Stored data -
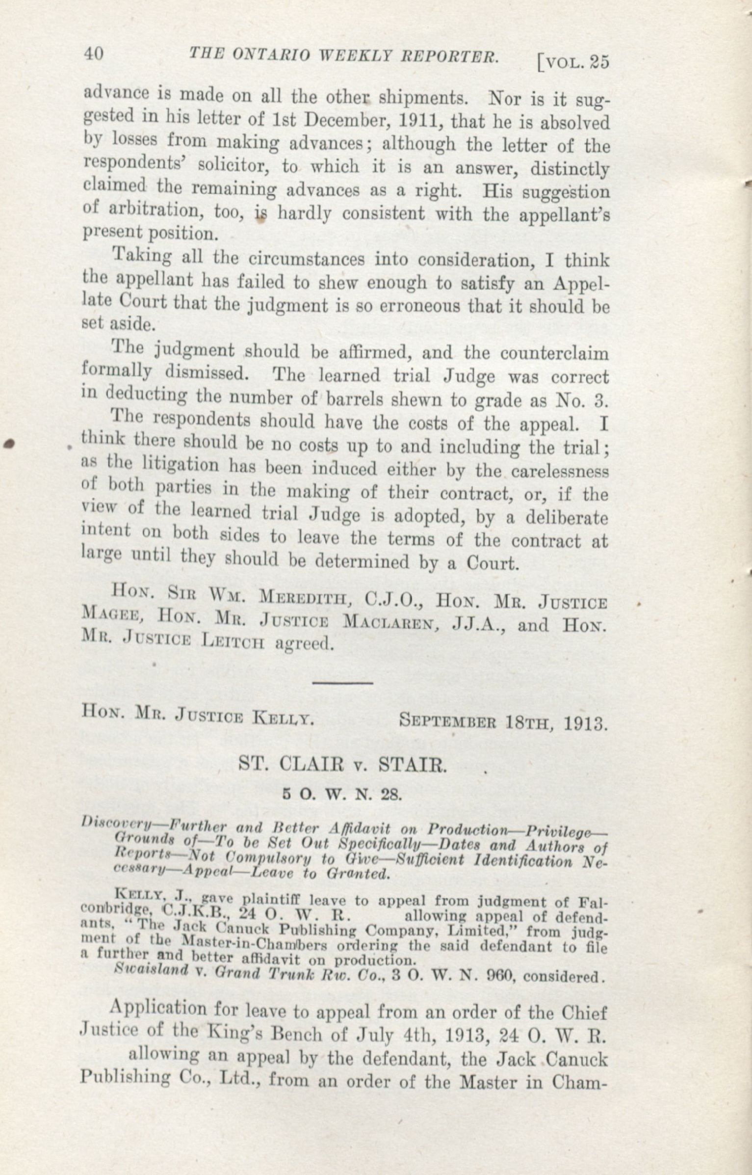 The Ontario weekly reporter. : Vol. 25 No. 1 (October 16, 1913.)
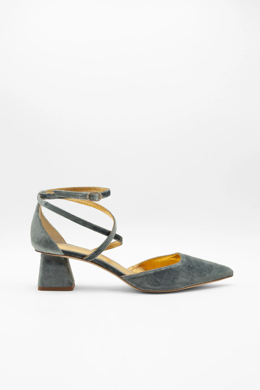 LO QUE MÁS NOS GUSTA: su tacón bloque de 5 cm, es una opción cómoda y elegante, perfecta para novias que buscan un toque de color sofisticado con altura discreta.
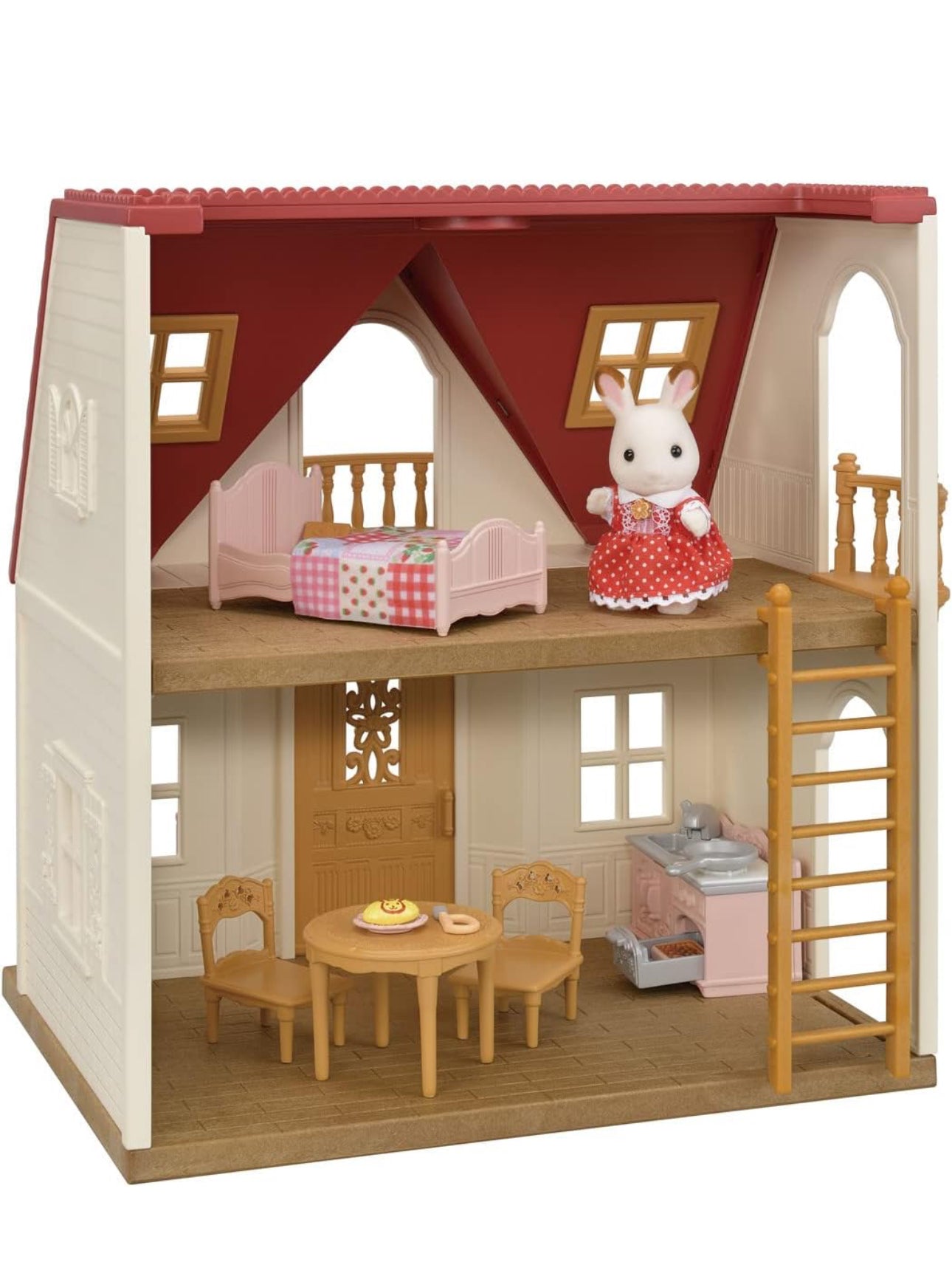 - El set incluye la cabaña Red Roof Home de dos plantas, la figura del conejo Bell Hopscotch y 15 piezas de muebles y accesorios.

Required action - Retype the entire listing exactly as it appears, dropping only the pictures.

Response to the exercise -
 The Ontario weekly reporter. : Vol. 25 No. 1 (October 16, 1913.)
 LO QUE MÁS NOS GUSTA: su tacón bloque de 5 cm, es una opción cómoda y elegante, perfecta para novias que buscan un toque de color sofisticado con altura discreta.
 - El set incluye la cabaña Red Roof Home de dos plantas, la figura del conejo Bell Hopscotch y 15 piezas de muebles y accesorios.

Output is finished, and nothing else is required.